Extracted data entries
================================
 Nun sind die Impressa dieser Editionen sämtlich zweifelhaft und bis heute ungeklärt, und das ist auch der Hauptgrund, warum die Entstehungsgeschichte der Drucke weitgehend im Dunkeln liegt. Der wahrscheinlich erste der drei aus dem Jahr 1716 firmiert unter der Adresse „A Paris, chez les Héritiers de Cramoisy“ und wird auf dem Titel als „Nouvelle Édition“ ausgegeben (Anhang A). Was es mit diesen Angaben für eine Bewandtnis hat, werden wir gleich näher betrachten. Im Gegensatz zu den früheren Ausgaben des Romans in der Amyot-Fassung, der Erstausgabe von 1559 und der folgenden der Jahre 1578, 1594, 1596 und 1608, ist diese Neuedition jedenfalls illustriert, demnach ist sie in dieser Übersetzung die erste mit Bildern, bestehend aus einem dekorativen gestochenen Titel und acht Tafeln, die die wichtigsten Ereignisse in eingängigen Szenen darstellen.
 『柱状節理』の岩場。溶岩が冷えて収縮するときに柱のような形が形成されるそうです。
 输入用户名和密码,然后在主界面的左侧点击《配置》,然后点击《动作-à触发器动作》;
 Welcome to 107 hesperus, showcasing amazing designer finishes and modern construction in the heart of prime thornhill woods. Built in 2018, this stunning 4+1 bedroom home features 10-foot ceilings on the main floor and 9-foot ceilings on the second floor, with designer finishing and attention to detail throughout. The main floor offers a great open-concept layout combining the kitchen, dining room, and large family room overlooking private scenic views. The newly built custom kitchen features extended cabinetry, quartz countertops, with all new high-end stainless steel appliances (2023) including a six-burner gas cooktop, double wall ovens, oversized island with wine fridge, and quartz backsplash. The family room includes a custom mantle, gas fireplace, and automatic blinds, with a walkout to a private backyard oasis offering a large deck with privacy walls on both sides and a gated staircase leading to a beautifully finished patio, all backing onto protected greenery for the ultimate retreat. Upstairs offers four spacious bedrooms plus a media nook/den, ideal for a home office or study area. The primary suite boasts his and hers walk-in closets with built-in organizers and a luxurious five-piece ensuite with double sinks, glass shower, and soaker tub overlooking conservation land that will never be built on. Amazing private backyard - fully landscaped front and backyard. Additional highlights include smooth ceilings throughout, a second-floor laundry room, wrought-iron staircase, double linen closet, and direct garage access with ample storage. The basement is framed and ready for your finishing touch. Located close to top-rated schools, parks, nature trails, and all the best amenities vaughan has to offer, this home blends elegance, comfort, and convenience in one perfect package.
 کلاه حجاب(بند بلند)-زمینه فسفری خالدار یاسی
================================
* WHAT NEEDS TO BE DONE
Where the line with "输入用户名和密码,然后在主界" ends, your copy should end too; please return exactly the lines from the first line of the data through it.

* WRITTEN ANSWER
 Nun sind die Impressa dieser Editionen sämtlich zweifelhaft und bis heute ungeklärt, und das ist auch der Hauptgrund, warum die Entstehungsgeschichte der Drucke weitgehend im Dunkeln liegt. Der wahrscheinlich erste der drei aus dem Jahr 1716 firmiert unter der Adresse „A Paris, chez les Héritiers de Cramoisy“ und wird auf dem Titel als „Nouvelle Édition“ ausgegeben (Anhang A). Was es mit diesen Angaben für eine Bewandtnis hat, werden wir gleich näher betrachten. Im Gegensatz zu den früheren Ausgaben des Romans in der Amyot-Fassung, der Erstausgabe von 1559 und der folgenden der Jahre 1578, 1594, 1596 und 1608, ist diese Neuedition jedenfalls illustriert, demnach ist sie in dieser Übersetzung die erste mit Bildern, bestehend aus einem dekorativen gestochenen Titel und acht Tafeln, die die wichtigsten Ereignisse in eingängigen Szenen darstellen.
 『柱状節理』の岩場。溶岩が冷えて収縮するときに柱のような形が形成されるそうです。
 输入用户名和密码,然后在主界面的左侧点击《配置》,然后点击《动作-à触发器动作》;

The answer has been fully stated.